What you return should be only the lines starting at the one that contains "Invite a los" and running to the end of the listing, exactly as written, minus any pictures.

■ Given material:
▼▼▼
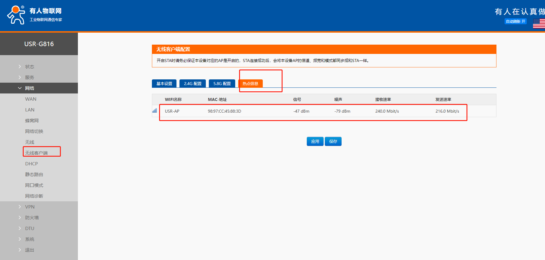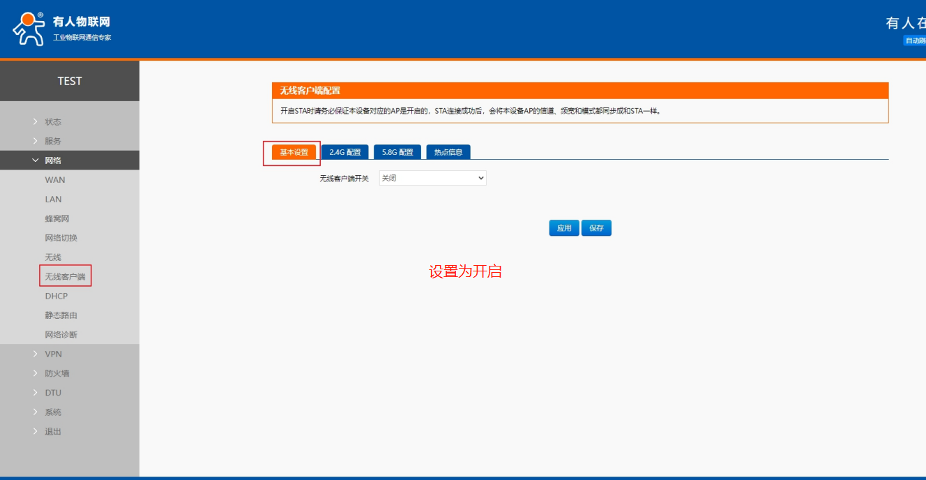 進(jìn)入網(wǎng)絡(luò)--無線客戶端,啟用無線客戶端(STA),此功能默認(rèn)關(guān)閉??梢渣c(diǎn)擊搜索按鈕,搜索當(dāng)前 2.4G WIFI 熱點(diǎn)。也可以直接填寫wifi名稱等,設(shè)置完成后點(diǎn)應(yīng)用。
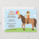 Invite a los amigos de su niño a su fiesta de cumpleaños siguiente con esta invitación adaptable de la fiesta de cumpleaños del jinete de lomo de caballo. Ofrece a un chica rubio que monta un caballo con los globos del fiesta. Personalice con sus detalles del fiesta. ©JDDigiDesign de algunos elementos
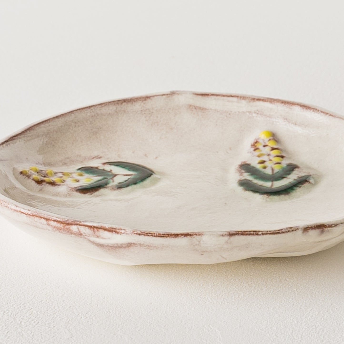 春の訪れを告げてくれる鮮やかで明るい黄色が美しいミモザ。ふわふわとやさし気なミモザとあわせてミモザの4寸皿を食卓に置けば明るく華やいだ気持ちにしてくれます。
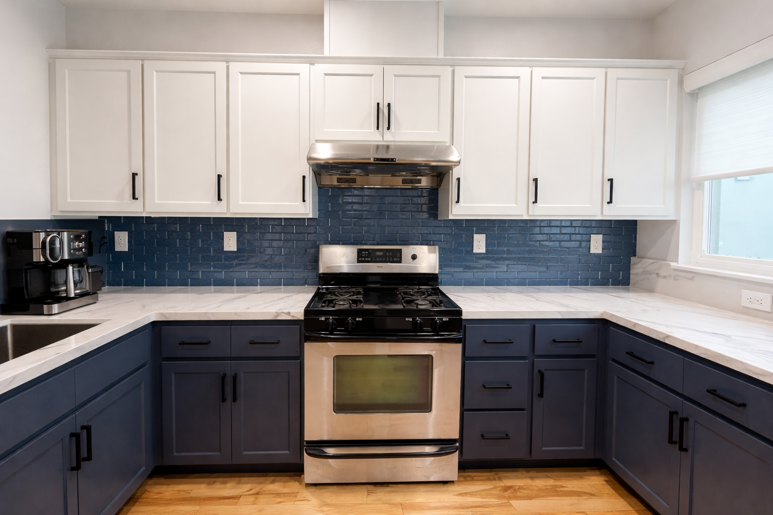 "Adval Construction did an outstanding job on our kitchen! From start to finish, their team were professional, reliable, and incredibly attentive to every detail. The workmanship is excellent, and the quality truly shows in every part of the remodel. We highly recommend Adval Construction to anyone looking for top-notch craftsmanship and great customer service. Thank you for transforming our kitchen into a space we genuinely enjoy every day. We went from a brown kitchen to a clean white/blue kitchen. Range is backordered and will tie everything together! We absolutely LOVE our new kitchen! It turned out even better than we imaged. Now to refinishing our hardwood floors!"
▲▲▲
■ Task response:
 Invite a los amigos de su niño a su fiesta de cumpleaños siguiente con esta invitación adaptable de la fiesta de cumpleaños del jinete de lomo de caballo. Ofrece a un chica rubio que monta un caballo con los globos del fiesta. Personalice con sus detalles del fiesta. ©JDDigiDesign de algunos elementos
 春の訪れを告げてくれる鮮やかで明るい黄色が美しいミモザ。ふわふわとやさし気なミモザとあわせてミモザの4寸皿を食卓に置けば明るく華やいだ気持ちにしてくれます。
 "Adval Construction did an outstanding job on our kitchen! From start to finish, their team were professional, reliable, and incredibly attentive to every detail. The workmanship is excellent, and the quality truly shows in every part of the remodel. We highly recommend Adval Construction to anyone looking for top-notch craftsmanship and great customer service. Thank you for transforming our kitchen into a space we genuinely enjoy every day. We went from a brown kitchen to a clean white/blue kitchen. Range is backordered and will tie everything together! We absolutely LOVE our new kitchen! It turned out even better than we imaged. Now to refinishing our hardwood floors!"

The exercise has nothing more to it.